Print out the data precisely as it appears here, with no pictures.

SUPPLIED DATA:
++++++

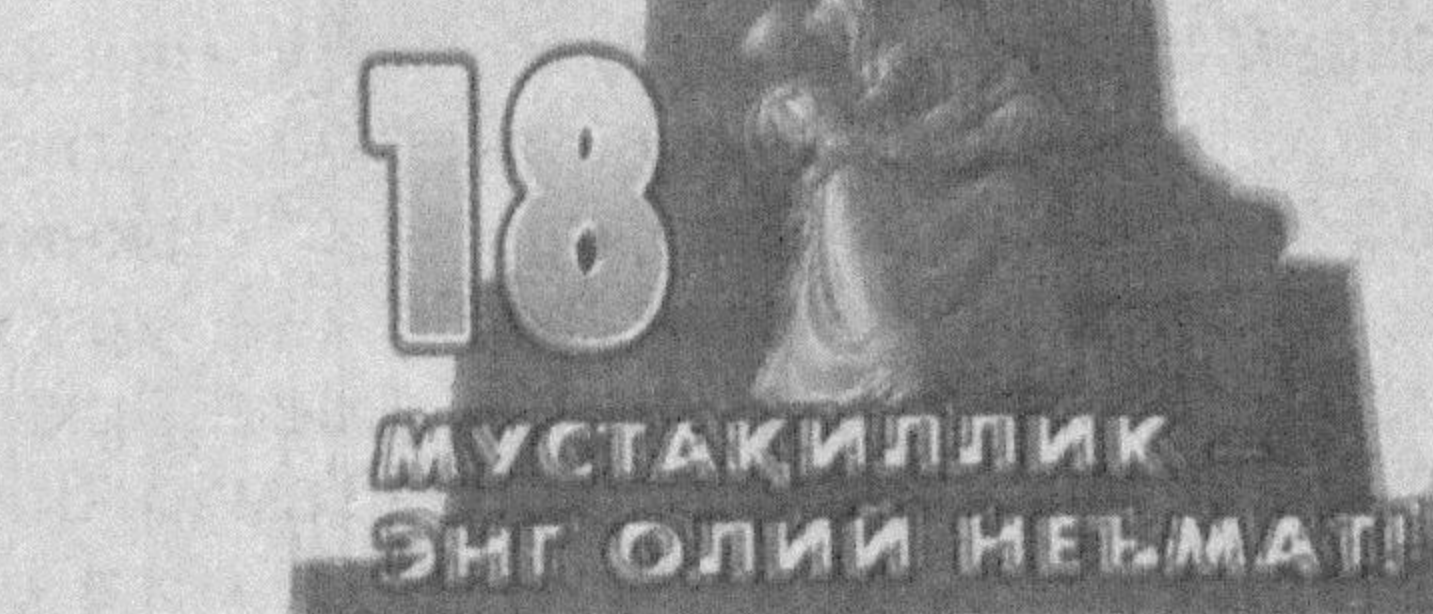
18 МУСТАҚИЛЛИК ЭНГ ОЛИЙ НЕЪМАТ!

Четдан туриб бизга турли хил танлаш пуч тавсияларини ўтказишга қаратилган ҳар қандай уринишлардан воз кечиб, ўз ақл-заковатимизни ишлатиб, ислохотларни изчил ва босқичма-босқич амалга ошириш йўлини танлаганимиз бунда айни мудоаа бўлди. Яъни, бoshкача қилиб айтганда, сирти ялтирок, ичи қалтирок, «шок терапияси»га ўхшаган, бизга номаълум бўлган усулларга берилмасдан, четдан маслаҳатчиларни олиб келмасдан, оқибатини ўйлаб, янги жамият, янги иқтисодиётни қуришда вазиимлик билан, шoшилмасдан сиёсат олиб
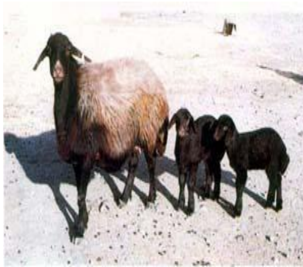
گوسفند قره گل

نژادی است پوستی - گوشتی، رنگ بدن در بدو تولد سیاه و در بلوغ به رنگ خاکستری تغییر می یابد. میانگین وزن: قوچ 72/5 کیلوگرم و میش 52/5 کیلوگرم

++++++

WRITTEN RESPONSE:
18 МУСТАҚИЛЛИК ЭНГ ОЛИЙ НЕЪМАТ!

Четдан туриб бизга турли хил танлаш пуч тавсияларини ўтказишга қаратилган ҳар қандай уринишлардан воз кечиб, ўз ақл-заковатимизни ишлатиб, ислохотларни изчил ва босқичма-босқич амалга ошириш йўлини танлаганимиз бунда айни мудоаа бўлди. Яъни, бoshкача қилиб айтганда, сирти ялтирок, ичи қалтирок, «шок терапияси»га ўхшаган, бизга номаълум бўлган усулларга берилмасдан, четдан маслаҳатчиларни олиб келмасдан, оқибатини ўйлаб, янги жамият, янги иқтисодиётни қуришда вазиимлик билан, шoшилмасдан сиёсат олиб
گوسفند قره گل

نژادی است پوستی - گوشتی، رنگ بدن در بدو تولد سیاه و در بلوغ به رنگ خاکستری تغییر می یابد. میانگین وزن: قوچ 72/5 کیلوگرم و میش 52/5 کیلوگرم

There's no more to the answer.